Another approach to being a “recovery-friendly” congregation without developing recovery programming is to become an information resource for people who need recovery resources. If when you walk into a church you get a list of all of the resources available in the community for people who are recovering from addiction, abuse or trauma–people will notice that. It sends a powerful message: You don”t have to be “well” to be a part of this congregation. We are all struggling. And that”s okay. This is a safe place to seek progress not perfection.”
The Church in Recovery
In the United States there are increasing numbers of people who are not satisfied with having a church with a couple of “bridge” Twelve Step groups or even a Recovery Department. They want everything about the congregation to be about recovery. The worship. The missions program. The children”s educational program. Everything. There are not yet many examples of congregations who have taken this approach. In this model, ‘recovery’ becomes the central paradigm of the congregation. Participation in recovery becomes as much a part of ‘doing church’ as participation in worship services–in some cases (following Wesley!) participation in recovery groups may be a prerequisite for participation in large group meetings. A good example of this might be several Salvation Army treatment programmes that have recently planted churches for the graduates of their programme. They just could not find appropriate churches to send their graduate to, so they have started to build their own.
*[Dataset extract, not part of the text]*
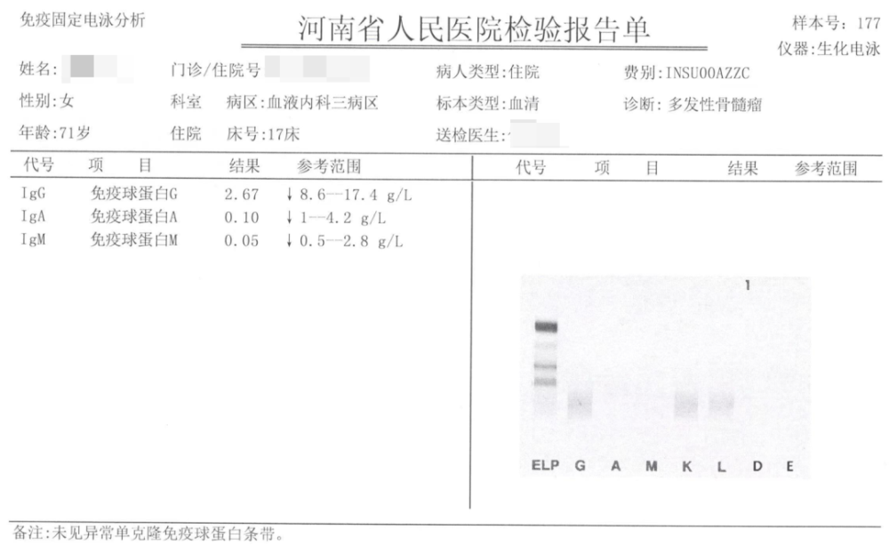 针对医生提出的质疑,我们将该患者的血样找出,复检了免疫固定电泳,同时使用IgD和IgE抗体,结果仍为阴性,未见异常单克隆免疫球蛋白条带。

It is still too early, or so it seems to me, to know how effective this approach to recovery ministry will be. I suspect we may need to make more mistakes in this direction before we know how to do it well! This is a kind of strategy that it works best, of course, in church planting situtations rather than trying to subvert the strategy of an existing church.
I hope this very brief overview has been helpful. May God grant you the serenity you need this day.